Each had the same structural shape: two libraries claiming to be the same library, in one process, with code linked against either one randomly. The solution is always the same in shape — pick one source of truth, rebuild everything against it, eliminate the alternatives. Whether it's /usr/local for system libs, pkg.sysreqs=FALSE for pak, or the up-front venv for numpy, the principle is identity-not-shadowing.

GEOS version capping

The release build caps GEOS to a version known to work with the resolved GDAL release. GDAL 3.12.x was tested against GEOS ≤ 3.13.x; using GEOS 3.14.x with GDAL 3.12.x introduces undefined symbols at runtime. build-scripts/get-versions.sh handles this automatically — see the comments in that file for the cap table.

For :dev, GDAL is always master but PROJ and GEOS use the latest releases (not their main branches). We're testing GDAL API changes, not PROJ/GEOS dev, and keeping PROJ/GEOS at releases ensures R packages can actually build.

Build hygiene

A few patterns make rebuilds fast and image sizes manageable:

  • Single-numpy-ABI from layer 1. The Python venv at /opt/gdal-py is created in gdal-system with numpy 2.x installed before GDAL builds. GDAL's Python bindings link against this numpy from the start. Every downstream layer inherits the same venv; no --system-site-packages, no post-hoc rebuilds, no ABI ambiguity.
  • uv with BuildKit cache mounts. --mount=type=cache,target=/root/.cache/uv keeps wheels out of image layers entirely.
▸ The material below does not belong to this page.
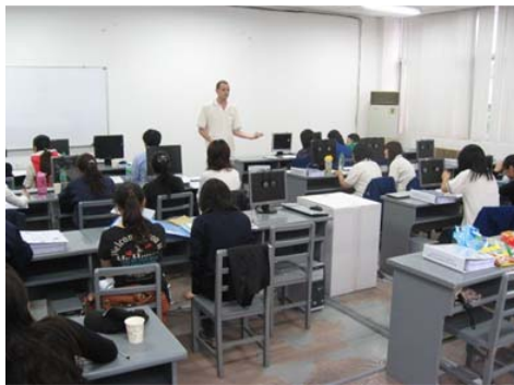
▲ Concentration on the lecture

The Intex group of companies continuously arranges training programs for its employees as part of its corporate culture. The photos below were taken during the most recent English language training for several people of the export administration department. The training aims to enhance the listening comprehension as well as the spoken English so they can communicate more fluently with customers.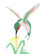
National Bird ~ Doctor Bird

Cold builds populate the cache; warm rebuilds finish in minutes. uv is the only pip-shaped tool in the chain — no apt python3-pip, no --break-system-packages shenanigans.
  • PYTHONDONTWRITEBYTECODE=1 plus a __pycache__ sweep at the end of every install RUN. Avoids hundreds of MB of .pyc accumulation across layers.
  • Source vs binary policy is explicit. Spatial Python packages that link GDAL/PROJ/GEOS are --no-binary; everything else takes wheels. Spatial R packages and hypertidy CRAN are installed via pak::pkg_install("...?source") with pkg.sysreqs = FALSE; everything else takes PPM binaries.
  • CMake unity build for GDAL halves compile time on the cmake step.

Local development

For iterating on Dockerfile or build-script changes without burning CI minutes, test/local-test.sh builds gdal-system locally and runs sanity checks on the result. Cache-friendly: subsequent runs reuse layers up to the first changed line. On a 32-core machine the first build is around 15 minutes; warm rebuilds for changes near the bottom of the Dockerfile are seconds.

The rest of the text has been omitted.